→ **Work task**:
Copy word for word the lines of the records below, beginning at the one with "Санкт-Петербург. 8 ноября." and finishing at the one with "Arriving in style, the", ends included, but none of the pictures.

→ **Study material**:

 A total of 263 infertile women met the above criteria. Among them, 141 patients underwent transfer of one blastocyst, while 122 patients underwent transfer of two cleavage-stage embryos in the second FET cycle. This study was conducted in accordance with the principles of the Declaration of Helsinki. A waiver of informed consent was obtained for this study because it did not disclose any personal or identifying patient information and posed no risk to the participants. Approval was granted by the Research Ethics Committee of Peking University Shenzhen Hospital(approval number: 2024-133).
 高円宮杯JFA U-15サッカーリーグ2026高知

...

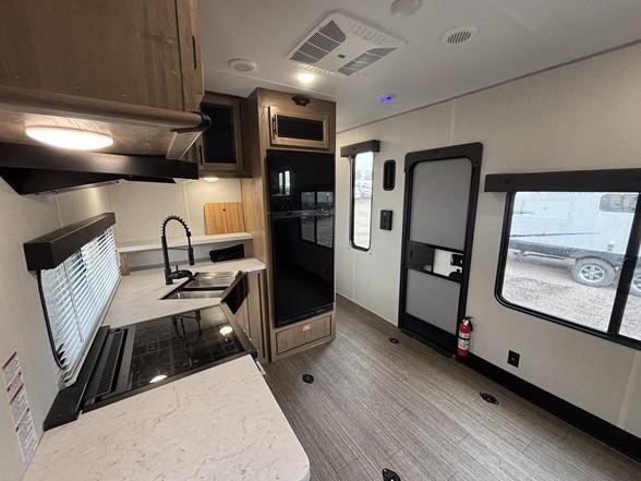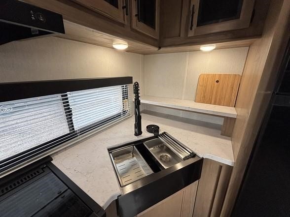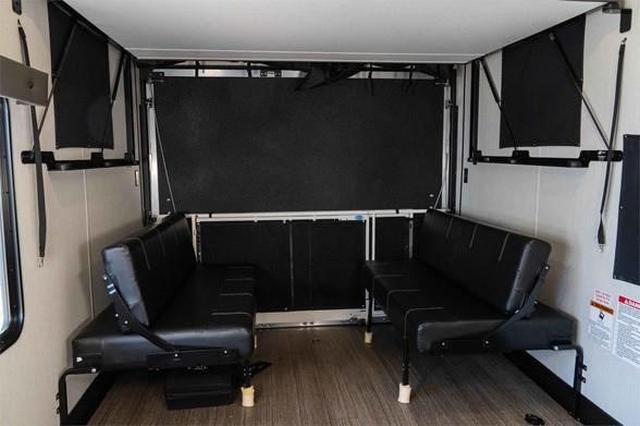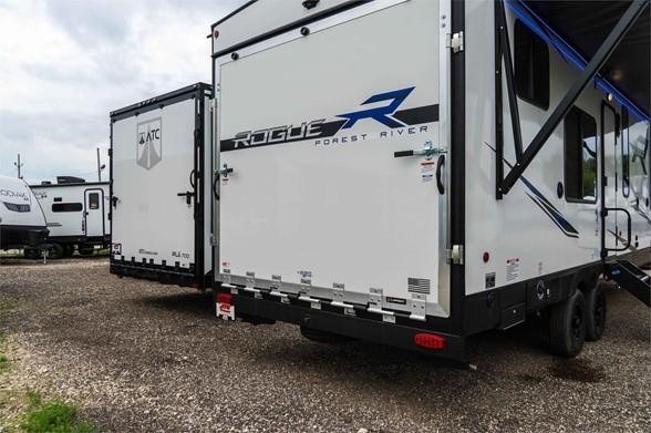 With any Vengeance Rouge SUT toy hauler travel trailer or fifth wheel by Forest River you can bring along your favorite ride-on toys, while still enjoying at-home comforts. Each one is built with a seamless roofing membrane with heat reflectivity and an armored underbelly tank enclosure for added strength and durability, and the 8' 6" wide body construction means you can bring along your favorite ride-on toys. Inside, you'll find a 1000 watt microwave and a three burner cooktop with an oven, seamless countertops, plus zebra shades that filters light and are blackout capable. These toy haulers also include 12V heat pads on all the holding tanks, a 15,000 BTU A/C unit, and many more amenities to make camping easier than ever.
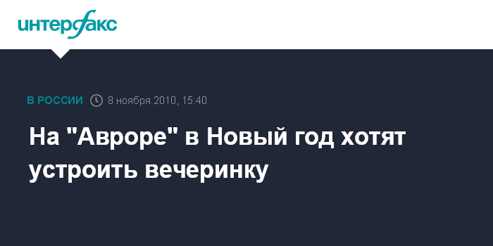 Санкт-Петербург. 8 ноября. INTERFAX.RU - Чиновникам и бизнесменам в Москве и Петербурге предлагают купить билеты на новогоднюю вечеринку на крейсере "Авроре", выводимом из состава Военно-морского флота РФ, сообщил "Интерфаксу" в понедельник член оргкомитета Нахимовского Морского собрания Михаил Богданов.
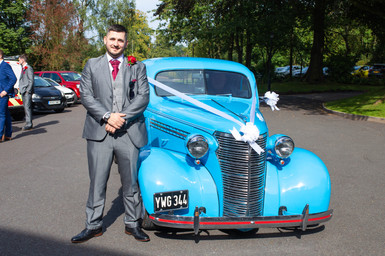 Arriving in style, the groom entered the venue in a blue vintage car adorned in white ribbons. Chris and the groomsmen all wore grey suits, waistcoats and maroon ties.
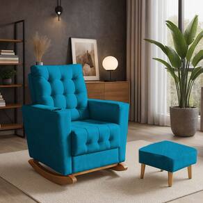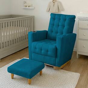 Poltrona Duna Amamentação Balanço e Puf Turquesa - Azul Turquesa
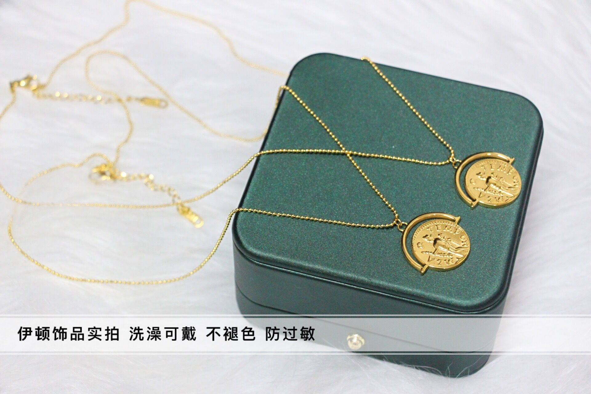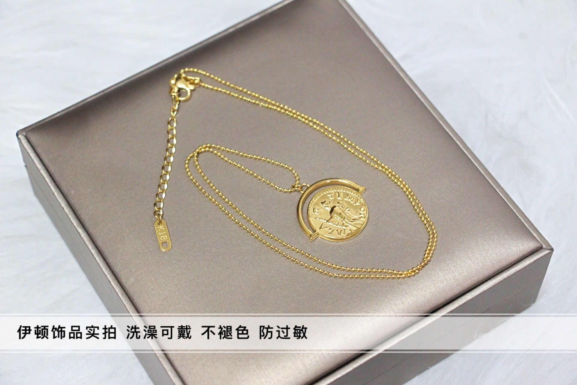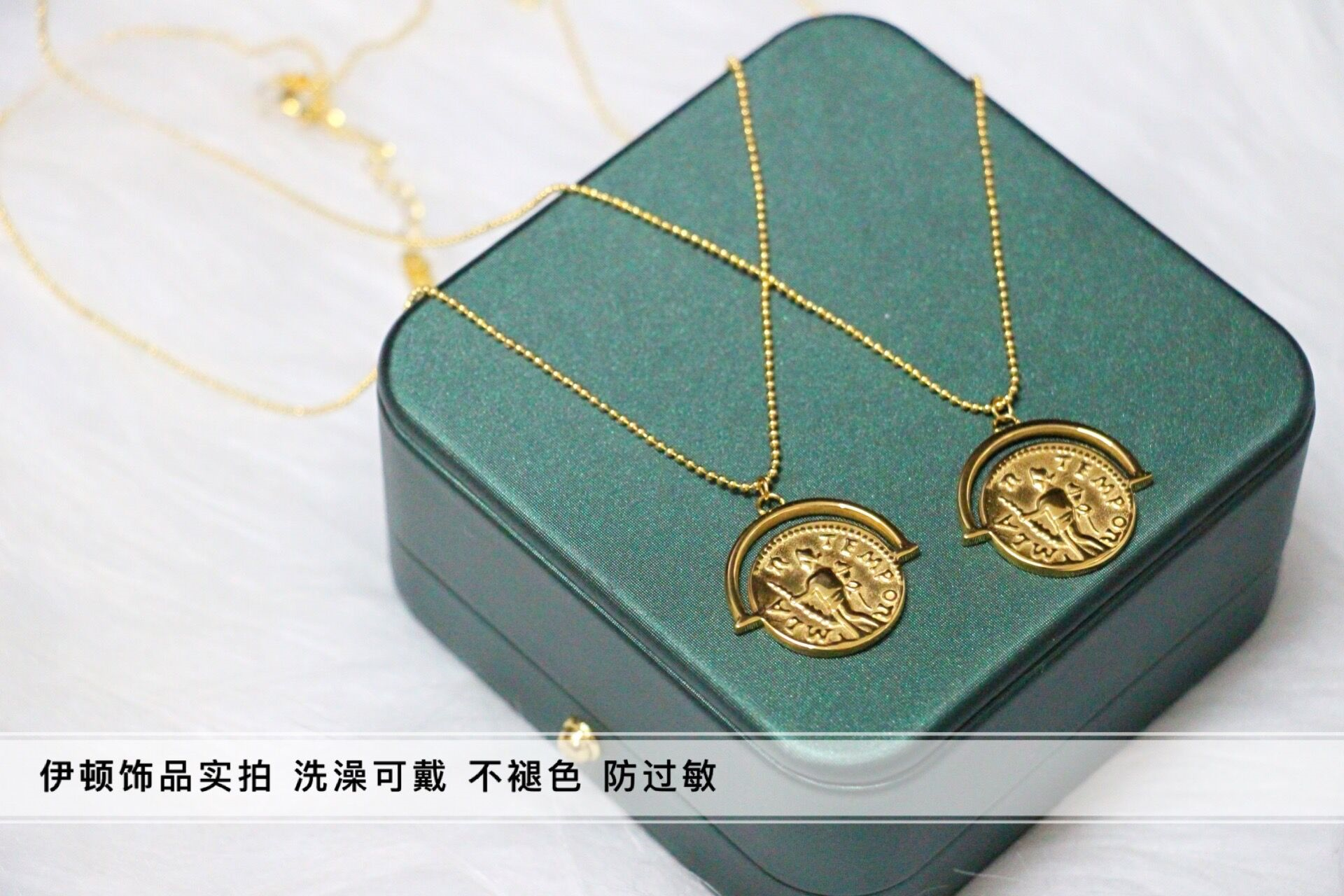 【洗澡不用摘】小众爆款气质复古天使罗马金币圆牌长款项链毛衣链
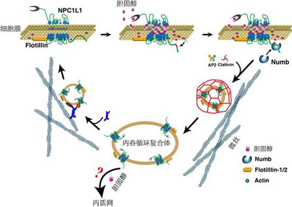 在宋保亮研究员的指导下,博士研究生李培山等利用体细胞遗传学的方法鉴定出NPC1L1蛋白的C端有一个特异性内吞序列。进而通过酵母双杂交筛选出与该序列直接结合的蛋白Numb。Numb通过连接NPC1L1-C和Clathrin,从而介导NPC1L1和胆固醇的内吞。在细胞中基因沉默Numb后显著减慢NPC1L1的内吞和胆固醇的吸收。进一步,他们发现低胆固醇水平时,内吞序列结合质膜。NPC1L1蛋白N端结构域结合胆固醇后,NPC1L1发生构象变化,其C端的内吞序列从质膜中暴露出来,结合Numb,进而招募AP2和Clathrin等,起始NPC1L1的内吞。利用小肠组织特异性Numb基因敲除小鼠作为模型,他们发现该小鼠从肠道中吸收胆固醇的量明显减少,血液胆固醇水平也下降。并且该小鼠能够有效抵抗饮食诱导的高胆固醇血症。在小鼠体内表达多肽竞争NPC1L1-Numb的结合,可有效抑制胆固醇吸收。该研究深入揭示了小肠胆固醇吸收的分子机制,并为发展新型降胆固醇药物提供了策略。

→ **Problem solution**:
 Санкт-Петербург. 8 ноября. INTERFAX.RU - Чиновникам и бизнесменам в Москве и Петербурге предлагают купить билеты на новогоднюю вечеринку на крейсере "Авроре", выводимом из состава Военно-морского флота РФ, сообщил "Интерфаксу" в понедельник член оргкомитета Нахимовского Морского собрания Михаил Богданов.
 Arriving in style, the groom entered the venue in a blue vintage car adorned in white ribbons. Chris and the groomsmen all wore grey suits, waistcoats and maroon ties.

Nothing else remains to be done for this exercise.